Armantrout proceeds to not close parentheses in several lines throughout the collection. This is one of the ways she uses form as accumulation, as well as subtle, yet radical subversion. She suggests our lives are parenthetical equations, with a closing that we don’t select, or often even see coming.
Conjure, however, isn’t a somber collection: beyond scientific inquiries, philosophical investigations, and broader cultural commentary, there’s an elemental playfulness—both a counterbalance to our disordered world, as well as an expression of the poet’s own sense of humor—amidst the incisive text, here sharpened by the exclamation points that skewer superficial societal edicts: “Dress like you care!” she writes. “Eat like you care! / Care like you care!” Later, she comments on how technology can interject into our lives so absurdly, worthy of an Ionesco moment: “My screen claims / I have ‘new memories.’”
At its core, Conjure is a collection of ever-deepening excavations of ourselves and our world, all founded on linguistic delight and precision, as well as an enduring sense of wonder.

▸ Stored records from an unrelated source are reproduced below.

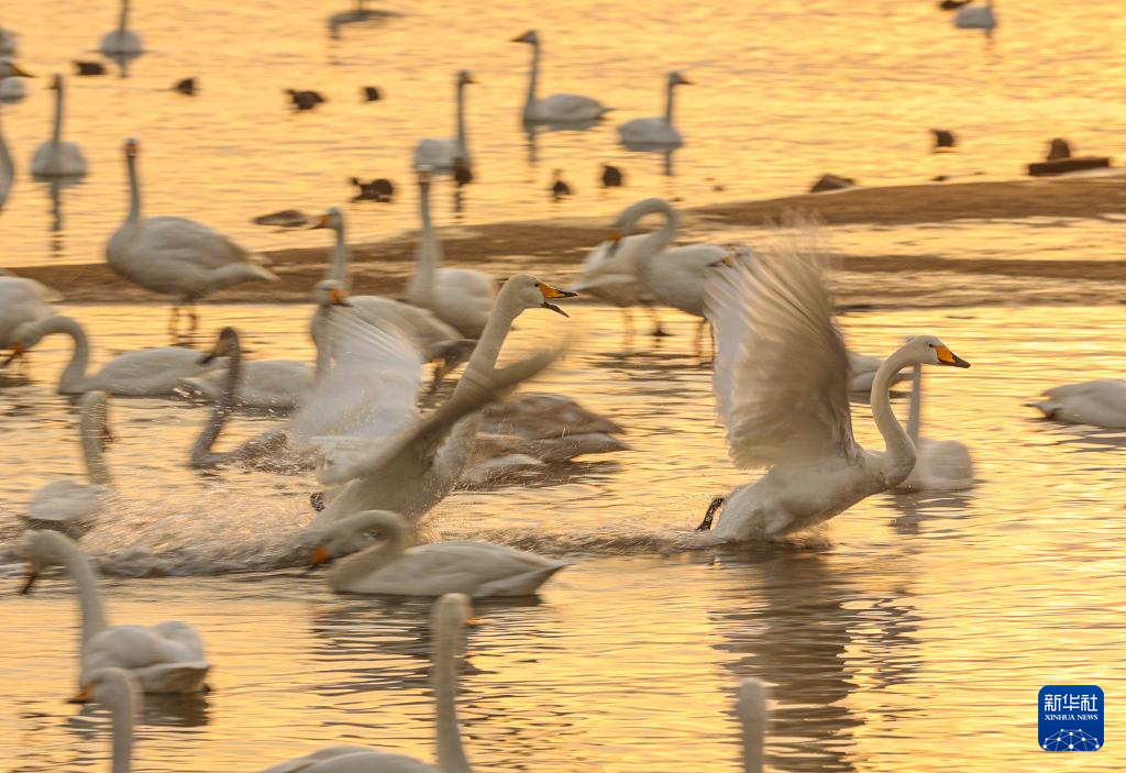 2026年1月1日,一群灰鹤迎着朝阳在河北省张家口市怀来县官厅水库国家湿地公园展翅飞舞。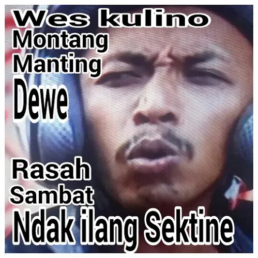 Gambaran seorang pria dengan wajah yang menunjukkan kekhawatiran dan kecemasan terhadap sesuatu yang tidak diinginkan, disertai dengan kutipan tulisan bahasa Jawa “wes kulino montang manting, dewe rasah sambat, ndak ilang sektine.” Kutipan tersebut memiliki arti “sudah kulino berbagai cara, sudah sendiri rasakan, tidak hilang begitu saja.” Kesan dari gambar ini adalah bahwa pria tersebut sedang menghadapi situasi yang sulit atau masalah yang rumit, dan dia merasa khawatir dan cemas terhadap hasilnya. Dia telah mencoba berbagai cara untuk mengatasi masalah tersebut, namun tampaknya masih sulit untuk menemukan solusinya.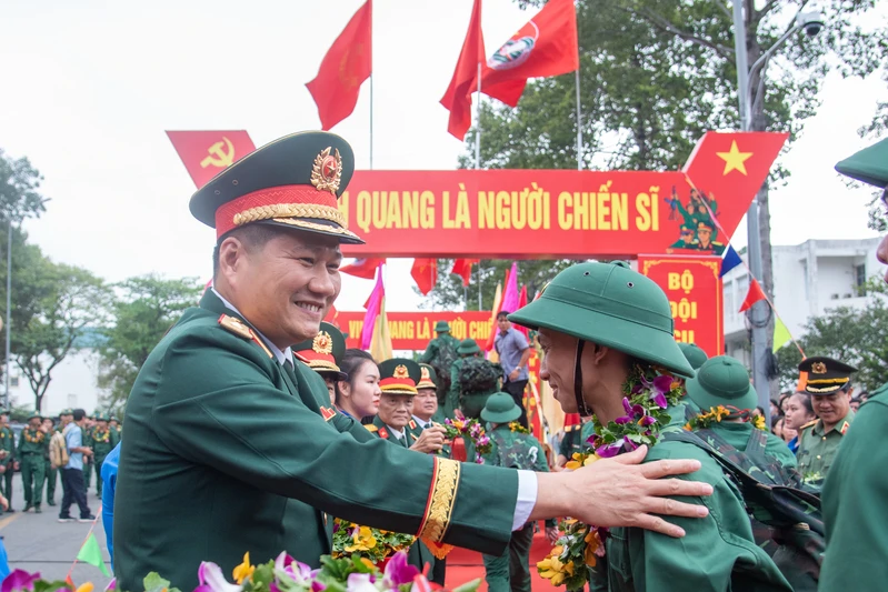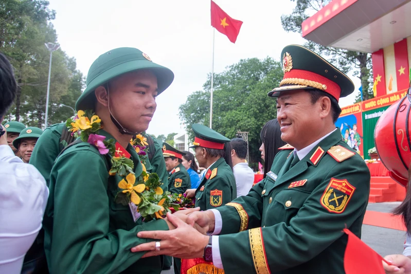 Trung tướng Trần Vinh Ngọc, Bí thư Đảng ủy, Chính ủy Quân khu 7 động viên các thanh niên lên đường nhập ngũ.
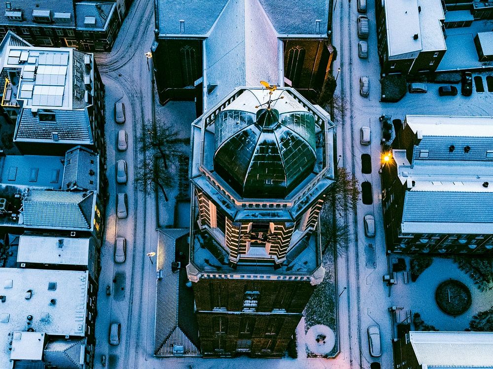 Der Peperbus-Turm der römisch-katholischen Kirche Onze Lieve Vrouwe ten Hemelopneming-basilica in Zwolle erhebt sich über die schneebedeckten Dächer im Stadtzentrum. Der Peperbus genannte Kirchturm ist einer der höchsten und bekanntesten Kirchtürme der Niederlande.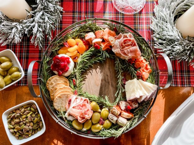 A charcuterie wreath combines the best of holiday cheer with delicious bites of cured meats, cheeses, and fresh garnishes, arranged in the shape of a festive wreath. It’s a show-stopping centerpiece that s as visually stunning as it is delicious. Perfect for entertaining, it allows guests to pick their favorite bites while adding festive flair to your holiday table. For a special holiday flourish, tie a small bow with ribbon and place it at the base of the wreath.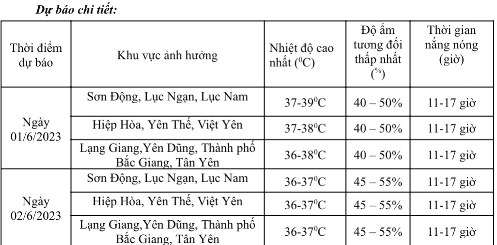 3. Cảnh báo: Đợt nắng nóng diện rộng này ở tỉnh Bắc Giang có khả năng kéo dài đến khoảng ngày 03/6. Từ ngày 04/6, nắng nóng dịu dần.

The word “conjure” typically suggests a summoning, an incantation, though the Latin roots are more related to a “swearing together,” an oath, which suggests a sacred commitment: of the writer to the reader, of the individual to her craft. In the title poem, the speaker—possibly a stand-in for the poet—offers her intent for this collection, perhaps for her lifetime of poetics, and what is still to come:
All I want
is not to be
first on one side,
then the other,
but to conjure
a stream
of sounds and images
for which I am not
responsible.
and maneuver within it—
The ironic wink is that Rae Armantrout is responsible for this dance, this spell-making, this deft and graceful maneuvering through the possibilities and power of words, and of the human experience. Conjure offers a magic of its own, with sometimes sly and always unforgettable juxtapositions of the minute and the exceptional, elevated by the intellect, flair, and confidence of a poet at the top of her game.